Troubleshooting Data Loss When Using DataX to Synchronize MySQL to TiDB

Note:
This topic has been translated from a Chinese forum by GPT and might contain errors.

Original topic: 使用DataX同步mysql到tidb丢失数据排查

| username: TiDB_C罗

[TiDB Usage Environment] Production Environment
[TiDB Version]
[Encountered Problem: Problem Phenomenon and Impact]
Background: The business uses DataX to synchronize MySQL to TiDB and found data loss.
The statement generated by DataX is insert…on duplicate key update. The TiDB table has a primary key and a unique index. It is initially suspected that the unique index is causing the issue. Now, a shadow table is created, and DataX is used to insert into both tables simultaneously to verify.
Currently seeking troubleshooting ideas to see if there are any other reasons that could cause similar situations?

| username: Jellybean | Original post link

What version of TiDB are you using? How many unique keys are there? Have you used any method other than DataX for synchronization verification?

In our other scenarios of data synchronization (using DM, Flink, or Syncer, etc.), we haven’t seen the situation you mentioned.

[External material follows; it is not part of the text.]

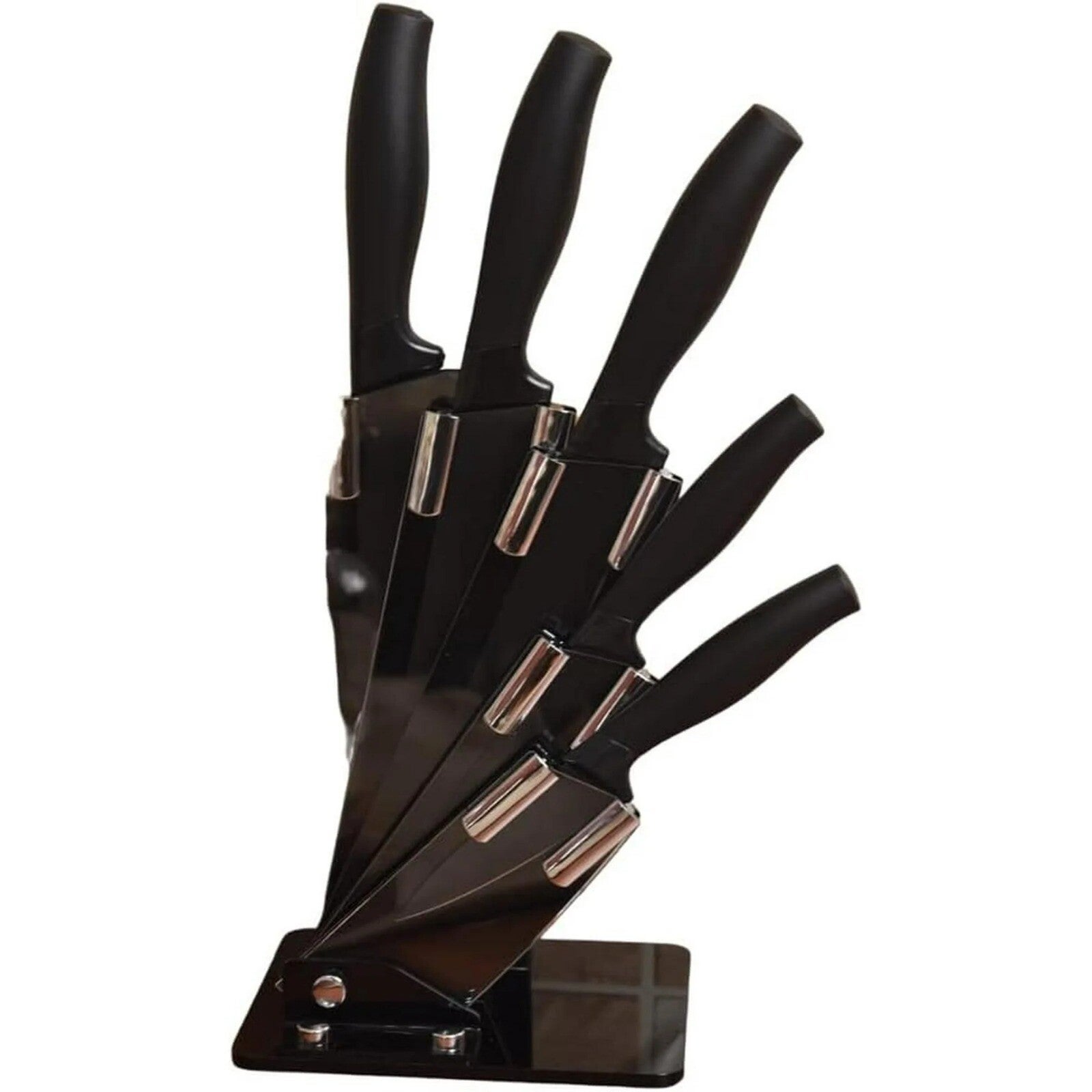 Y401-NE06 Set de cuchillos negros con base 6 piezas

| username: TiDB_C罗 | Original post link

The image you uploaded is not visible. Please provide the text you need translated.

| username: tidb菜鸟一只 | Original post link

Check the DataX logs. DataX will indicate how much data has been read and how much data has been synchronized.

| username: TiDB_C罗 | Original post link

The verification results are out. It is indeed caused by the inconsistency of the unique index between upstream and downstream. DataX synchronized to TiDB, violating the unique constraint rule and causing an overwrite.

| username: TiDB_C罗 | Original post link

There are no anomalies in the logs; they all show normal return times and results.

| username: Kongdom | Original post link

:sweat_smile: The table structures are different. But that aside, is it possible to configure the action of directly overwriting duplicate primary keys?

| username: TiDB_C罗 | Original post link

Unless you don’t use “on duplicate key update,” let it throw an error.

| username: Kongdom | Original post link

Oh, you used this, no wonder. We are planning to replace the ETL tool Kettle and use DataX instead.

| username: redgame | Original post link

It’s better to make it consistent.

| username: system | Original post link

This topic was automatically closed 60 days after the last reply. New replies are no longer allowed.